The Benefits of Natural Fibers

 

Breathable
Breathe freely and release toxins. Regulate our body’s temperature, whether insulating to keep warm or wicking sweat away to keep cool. Skin is porous, let it breathe. 
 
Softer
Naturally breaks in, so natural materials get more comfortable with wear.
 
Healthier
Especially if organic, natural materials can be made without the use of harmful chemicals which is better for our bodies and the earth. Reduces skin and respiratory irritation. 
 
Responsible
Better quality and more comfortable. Make it a long-term investment for our closets, stakeholders and the environment. Bonus, support the communities where the raw materials are grown and textiles come from, including the livelihood of farmers and textile workers.
 
Circular
Natural materials, such as organic cotton, are made from renewable sources and decompose relatively quickly - essentially returning to earth as a resource rather than waste. Many natural options are also carbon neutral (absorb the same amount of carbon dioxide as they release).

 

 

Let’s Break it Down

 

The United Nations (UN) estimates that a production of a single pair of jeans requires: 

  • 1 kg of cotton
  • 7500-10,000 litres of water (equivalent to 10 years of drinking water for one person!)
  • Bleaching
  • Sandblasting
  • Pre-washing

 

 

The recyclability of the cotton is reduced due to the synthetic processes it must go through.

 

We are loving the True Cost Series by Sustainably Chic that covers the cost breakdown of a sustainable garment, such as this t-shirt.

 

 

5 Key Steps to Shop More Naturally 

 

Vivienne Westwood: “Buy less.
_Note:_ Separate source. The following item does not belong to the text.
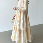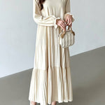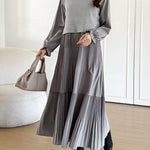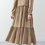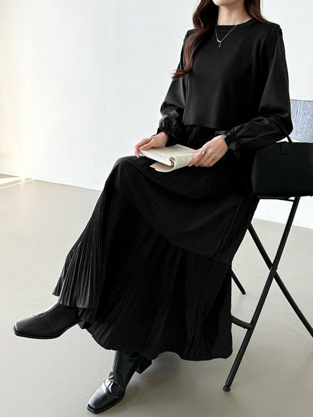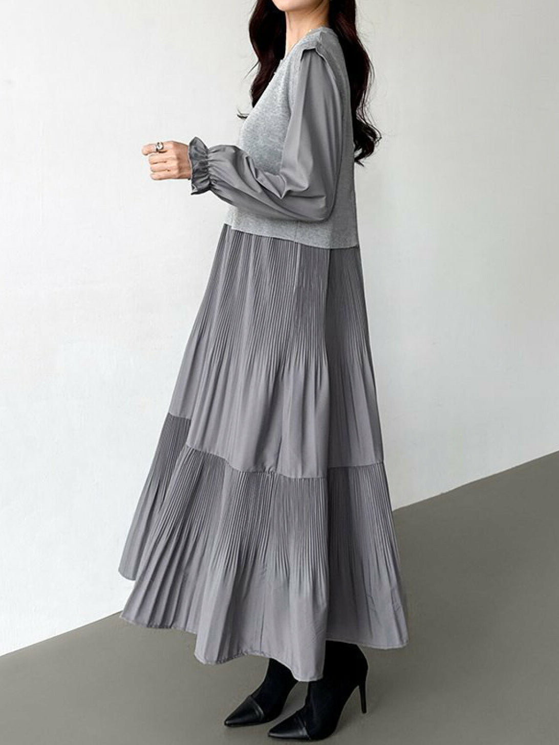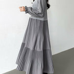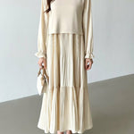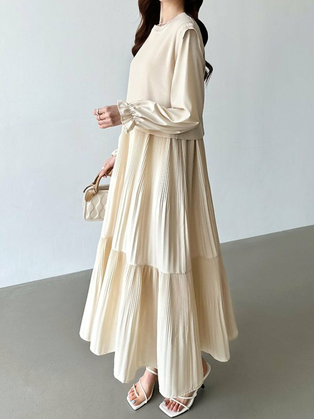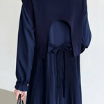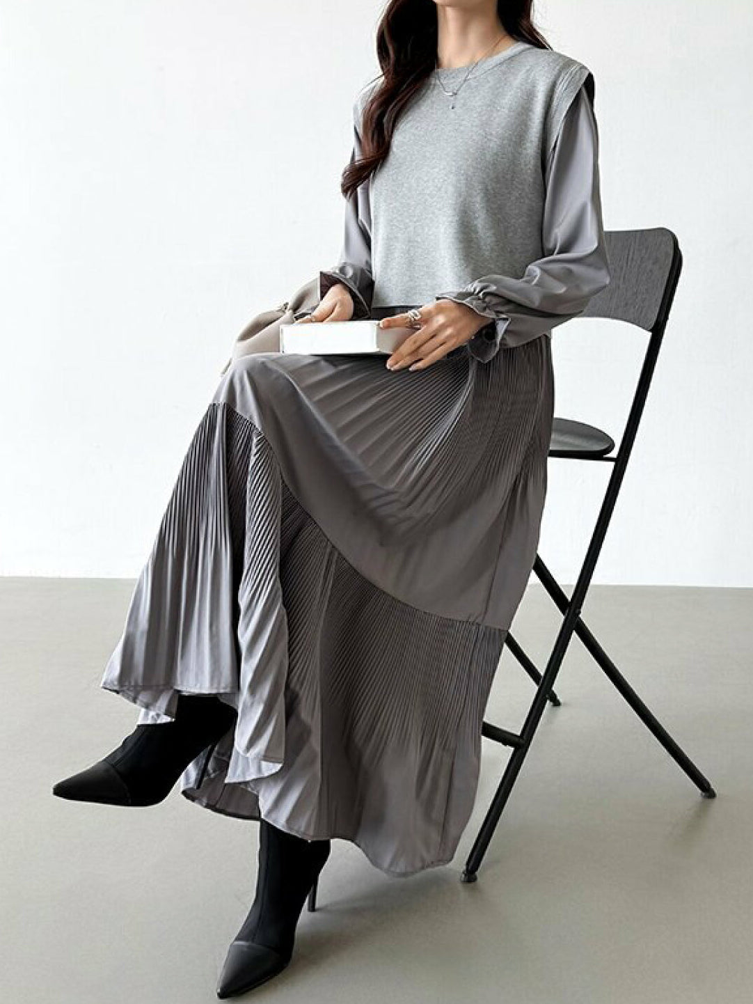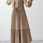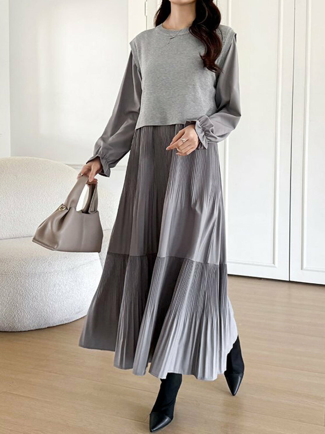 Back Ribbon Knit Vest + Pleated Dress Set (5 Colors)

Choose well. Make it last.” 

 

  • Look at labels. Choose clothing without any spandex, elastane or nylon, and be wary of organic claims (there still may be synthetics hidden inside).
  • Purchase what you really want and intend to keep
  • Limit your consumption of synthetic materials to times when it may be absolutely required (ex. waterproofed snow pants).
  • Research brands, ask questions and look for certifications.
  • Invest in quality pieces that make a positive impact on the planet and production workers.

 

 

What are we doing about it?

 

We are committed to:

  • Only making products with GOTS certified organic pima cotton (which uses 87% less water than conventional cotton).
  • Avoiding the use of toxic chemicals, GMO seeds and pesticides in the fabric production.
  • Minimizing our environmental impact. With our organic cotton choices, we save 11% in energy, 24% in emissions and reduce our CO2 emissions by 45%.